Poprowadził ją kilka kroków do przodu, lecz nie dotarli co celu
jakim był jej pokój. Lily ugryzła brata w nadgarstek przez co z
jego ust wydobył się głośny krzyk. Natychmiast uwolniła ramię z
jego uścisku i pobiegła do drzwi. Bash patrzył na nią z
niedowierzaniem, ze zdziwieniem, że jego mała siostrzyczka zrobiła
coś takiego. Lily tylko spojrzała na niego przepraszającym
wzrokiem i wybiegła z mieszkania.
Po chwili znajdowała się w małej uliczce. Świat wokół niej, jak
to o tej porze dnia i roku w Londynie, spowity był gęstą mgłą.

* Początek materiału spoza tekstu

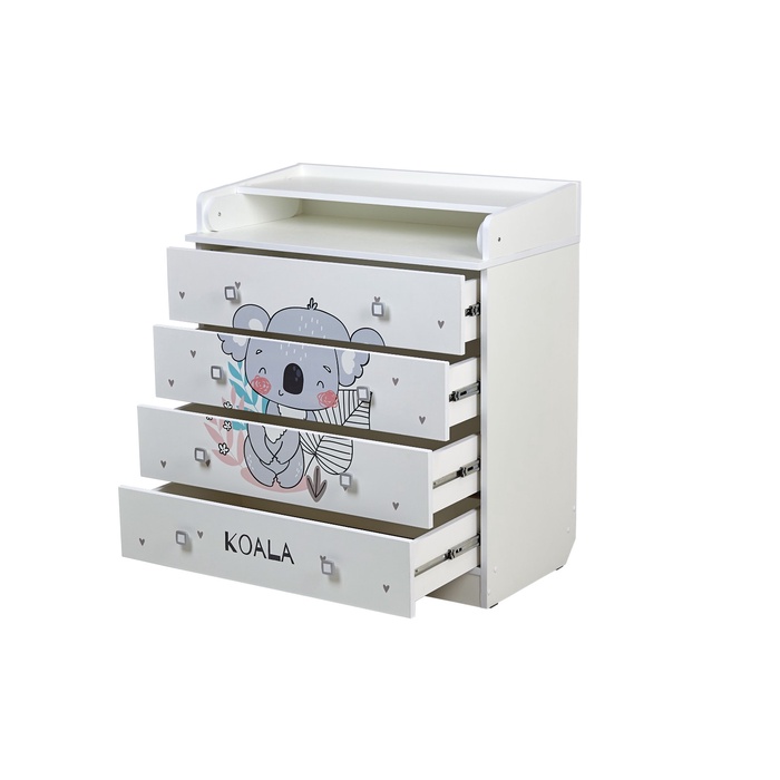 Вместительные выдвижные ящики комода шириной 80 см с системой плавного закрытия позволят удобно хранить все детские принадлежности. Когда малыш вырастает из возраста пеленания, поверхность может быть снята, тогда комод приобретет классический вид.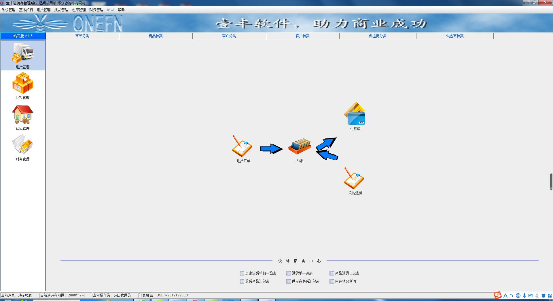 壹丰进销存管理软件是款基于商业行设计打造的进销存管理软件,它可以设置员工的操作权限,并且可以通过软件记录员工的绩效,它包含了商品信息管理、供应商信息管理、客户信息管理、员工信息管理、采购订单管理、销售订单管理、应收应付款管理、库存管理、库存明细查询、库存预警、数据报表以及数据备份等主要功能。

Tylko gdzieniegdzie przebijało się jasne światło latarni. Zimny
powiew wiatru przeszedł dziewczynę mrożąc ją aż do kości. Nie
dość, że była to dopiero wczesna wiosna, to jeszcze chłód bił
ją po nogach od kamiennej drogi. Lekka mżawka opadała na jej
twarz, tworząc na niej błyszczącą mgiełkę. Dziewczyna była
mocno zagubiona. Z jednej strony dziwna siła ciągnęła ją w
stronę tajemniczych zwierząt, a z drugiem wróciłaby do domu i
przeprosiła brata za incydent jaki się odbył. Wzięła głęboki
oddech, aby oczyścić umysł. Uniosła głowę a na balkonie
kamienicy naprzeciwko siedział tej sam ptak, którego przed chwilą
miała przy głowie. Wraz z tym obrazkiem jej wszelkie wątpliwości
zniknęły. Spojrzała w lewo i w prawo szukając lemura. Stał tuż
za zakrętem, cały czas czekając na Lily. Ruszyła w jego kierunku
szybkim tempem, bo już słyszała zbieganie brata na klatce
schodowej. Biegła jak najszybciej jednak nie była nawet w połowie
drogi gdy do jej uszu dobiegł krzyk z jej imieniem. I to nawet nie
zdrobnienia, tylko tym razem użył pełnej wersji. Najczęściej jak
je słyszała pokorniała, ale nie tym razem. Stanęła i odwróciła
się w jego stronę. Spojrzała mu prosto w oczy. Stał w półcieniu.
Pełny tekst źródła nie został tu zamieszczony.